● **Exercise description**
Take the records below and set down exactly the lines from the one with "This stylish pinstripe" to the one with "- Add a touch", ends included; do not copy the pictures.

[Data extracts — start]

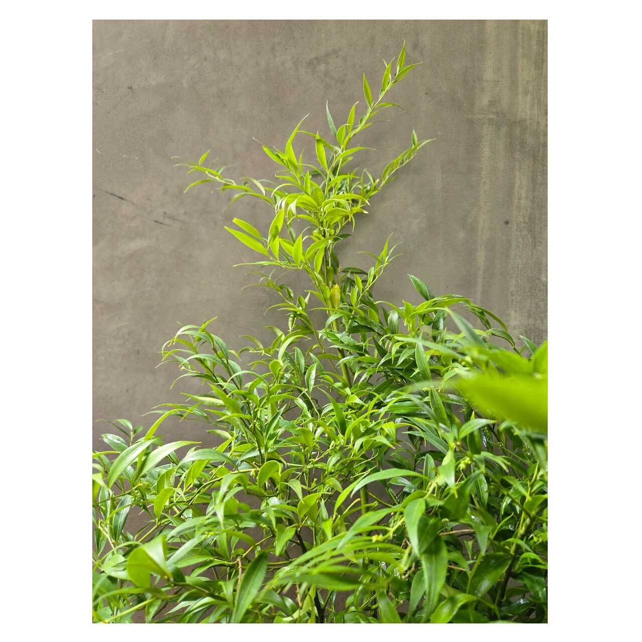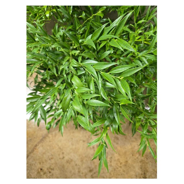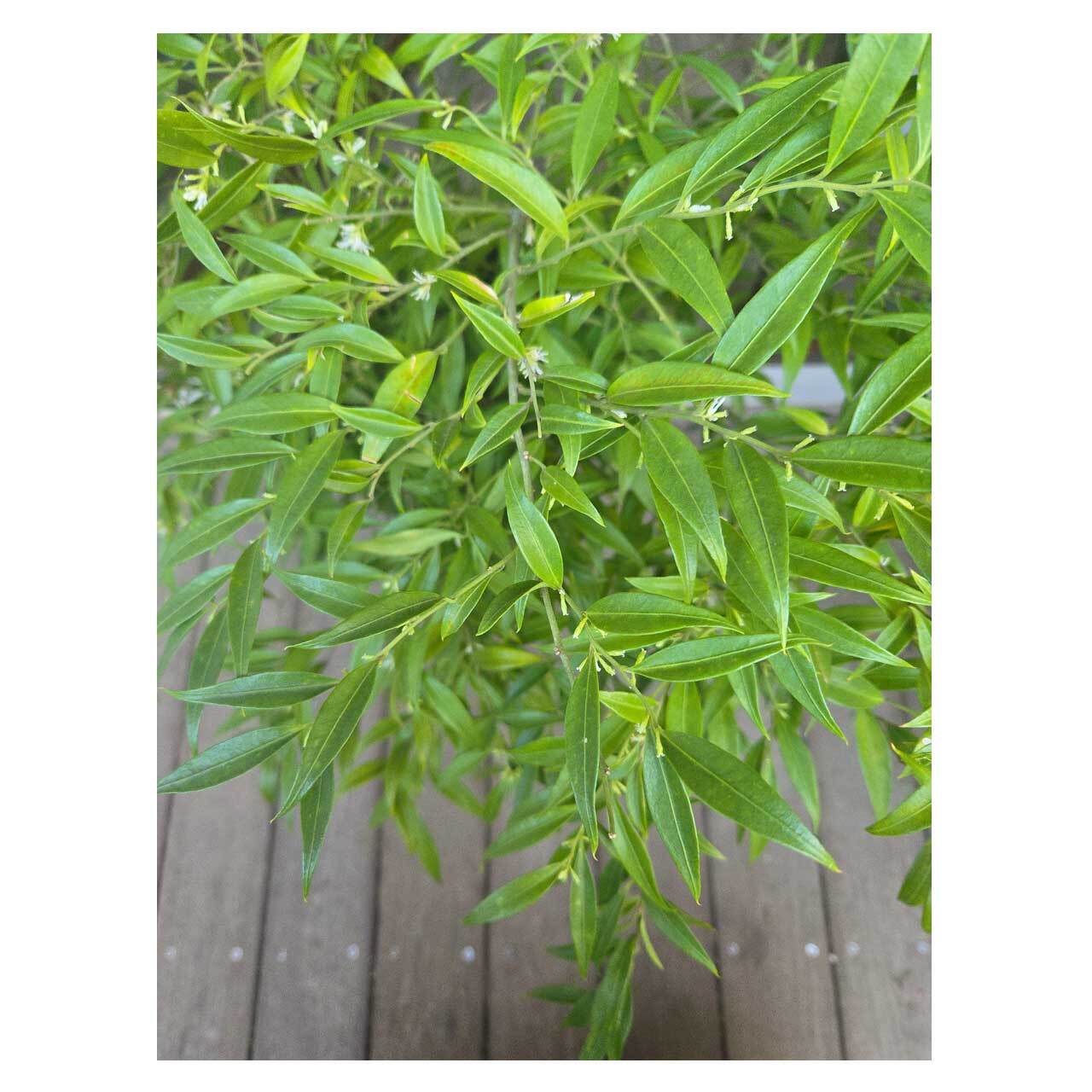 光沢のある濃い緑の葉がわさわさと茂る、細葉のサルココッカ フミリス。
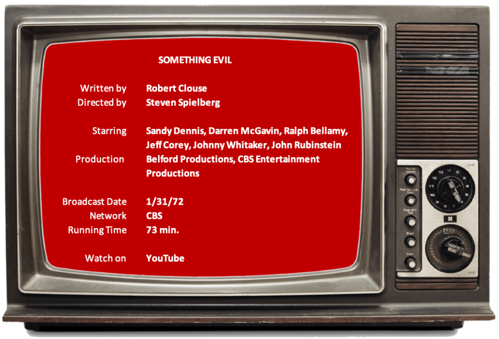 Arriving immediately after Duel (1971), you have to be at least a little disappointed in Steven Spielberg’s next-to-last TV movie, Something Evil (1972.) However, a comparison of the two provides a good example of how a minimalist approach can work perfectly for one movie and not so perfectly for another. As you’ll read, I don’t blame Spielberg. It’s the script by Robert Clouse that’s problematic.
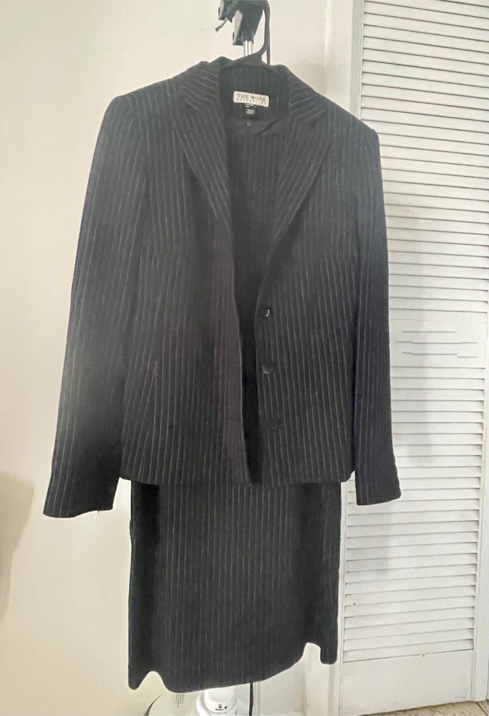 This stylish pinstripe dress & suit set features a blazer and matching dress, perfect for professional settings or a chic, tailored look. The material is comfortable and the pinstripe design adds a touch of sophistication. Size M.
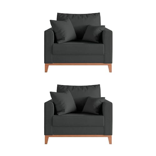 Kit 2 Poltronas Beny Amamentação com 2 Almofadas Base em Madeira Maciça Tecido Veludo Cinza
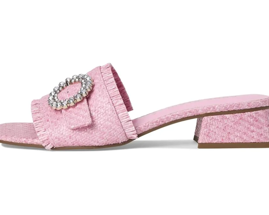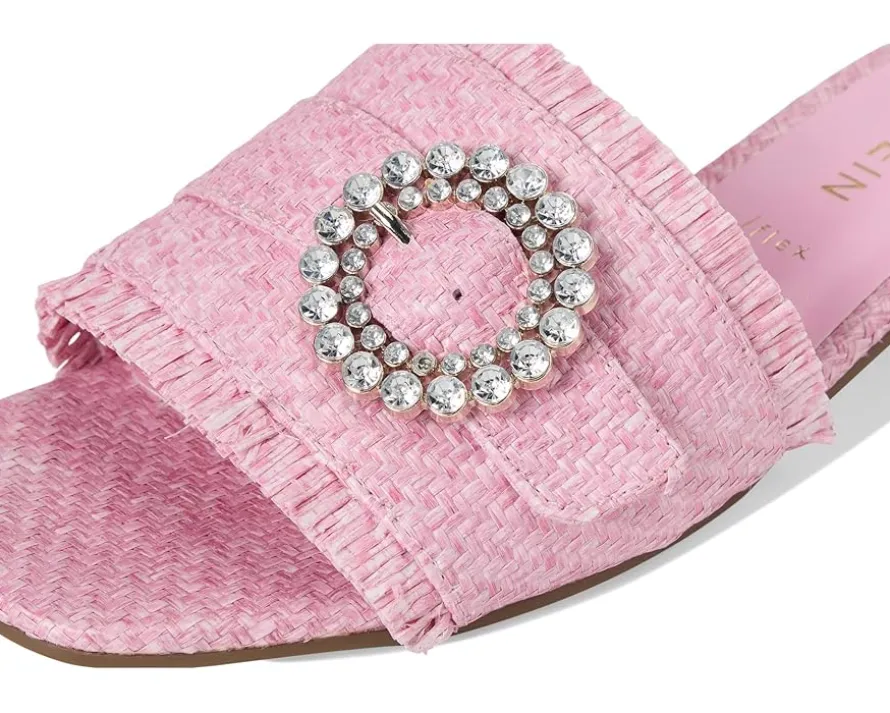 - Add a touch of comfort and style with the Anne Klein® Nahla sandals. Designed with short block heels, a cushioned footbed, and a chic woven mesh upper, these sandals effortlessly blend practicality with sophisticated flair. They are made of a rubber insole and mesh lining. These banded sandals feature a chic square toe shape and a dazzling crystal buckle detail that adds just the right amount of sparkle. The frayed edges lend a trendy, fashion-forward touch, while the low-block heels ensure comfort without compromising on style. The iFlex Technology is designed for ultimate comfort and offers a 90-degree footbend. A must-have for any modern wardrobe, these slip-on sandals are perfect for elevating casual looks or adding a polished finish to dressier outfits.
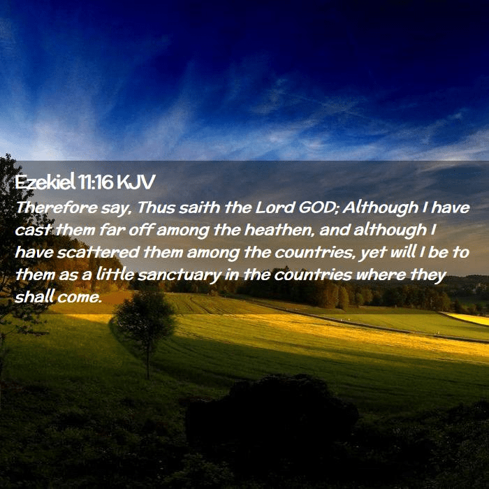 We see that God even here claims some place for sinners in the Church, against whom he had exerised the rigour of his judgment. He says, by way of concession, that they were cast away and dispersed, but he adds, that he was still with them for a sanctuary; nay, because they bore their exile calmly and with equanimity, they pronounce this to be a reason why he should pity them. For neither is their sentence so general that God overlooked his own elect. This promise then ought not to be extended to all the captives without discrimination, because we shall see that God included only a few. Without doubt then, this was a peculiar promise which God wished to be a consolation to his elect. He says, because they bore exile and dispersion with calmness and composure, therefore God would be a sanctuary to them. But this was a gracious approval of their modesty and subjection, because they not only suffered exile but also dispersion, which was more severe. For if they had all been drawn into a distant region this had been a severe trial, but still they might have united more easily, had they not been dispersed. This second punishment was the sadder to them, because they perceived in it the material for despair, as if they could never be collected together again in one body. And thus their wrestling with these temptations was a sign of no little piety; and as some of the faithful did not demonstrate their obedience at once, yet because God knows his own, (2 Tim. 2:19,) and watches for their safety, hence he here opposes to all their miseries that protection on which their safety was founded. Because, therefore, they were dispersed through the lands, hence, says he, I will be to them a small sanctuary.John Calvin and Thomas Myers, Commentary on the First Twenty Chapters of the Book of the Prophet Ezekiel, vol. 1 (Bellingham, WA: Logos Bible Software, 2010), 362–368.)
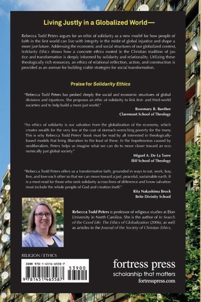 Rebecca Todd Peters argues for an ethic of solidarity as a new model for how people of faith in the first world can live with integrity in the midst of global injustice and shape a more just future. Addressing the economic and social structures of our globalized context, Peters shows how a concrete ethics rooted in the Christian tradition of justice and transformation is deeply informed by solidarity and relationality. Utilizing these theologically rich resources, an ethics of relational reflection, action, and construction is provided as an avenue for building viable strategies for social transformation.

[Data extracts — finish]

● **Exercise output**
 This stylish pinstripe dress & suit set features a blazer and matching dress, perfect for professional settings or a chic, tailored look. The material is comfortable and the pinstripe design adds a touch of sophistication. Size M.
 Kit 2 Poltronas Beny Amamentação com 2 Almofadas Base em Madeira Maciça Tecido Veludo Cinza
 - Add a touch of comfort and style with the Anne Klein® Nahla sandals. Designed with short block heels, a cushioned footbed, and a chic woven mesh upper, these sandals effortlessly blend practicality with sophisticated flair. They are made of a rubber insole and mesh lining. These banded sandals feature a chic square toe shape and a dazzling crystal buckle detail that adds just the right amount of sparkle. The frayed edges lend a trendy, fashion-forward touch, while the low-block heels ensure comfort without compromising on style. The iFlex Technology is designed for ultimate comfort and offers a 90-degree footbend. A must-have for any modern wardrobe, these slip-on sandals are perfect for elevating casual looks or adding a polished finish to dressier outfits.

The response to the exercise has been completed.